Los miré, sorprendida.
Un guardia papal, acompañado por otros cinco de su batallón, se acercó a Alejandro. Era un joven de no más de dieciocho años; su expresión era aturdida y tenía el rostro pálido por el miedo. El protocolo exigía que se inclinase y pidiese permiso para dirigirse a Su Santidad; el muchacho abrió la boca, pero fue incapaz de hablar.
En sus brazos, laxo y pálido como la muerte, estaba mi hermano. De inmediato pensé en la imagen de la Virgen que acunaba al martirizado Cristo.
La sangre manaba de la frente de Alfonso, teñía de rojo sus rizos dorados y oscurecía la mitad de su rostro. La capa que había vestido aquella noche había desaparecido -arrancada- y su camisa estaba cortada en aquellos lugares donde no se pegaba a la carne con la sangre. Una de las perneras de sus calzones también estaba empapada en sangre.
Tenía los ojos cerrados, la cabeza caída sobre los brazos del soldado. Creía que estaba muerto. No podía hablar, no podía respirar; mi mayor temor se había hecho por fin realidad.

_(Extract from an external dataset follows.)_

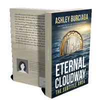 “A 1 euro coin above water is set against a serene sunset, with bold text overlay for a book titled "Eternal Cloudway".”

Mi hermano había muerto ante mis ojos; ya no tenía razón para vivir, ya no tenía ningún motivo para respetar la moral de los hombres decentes.
Al mismo tiempo, vi la profundidad de mi locura en un destello: siempre había sabido, en lo más profundo de mi corazón, que César intentaría matar a mi hermano, ¿no era así? Era la mayor venganza que podía cobrarse por haberlo rechazado; más grande, desde luego, que arrebatarme mi propia vida.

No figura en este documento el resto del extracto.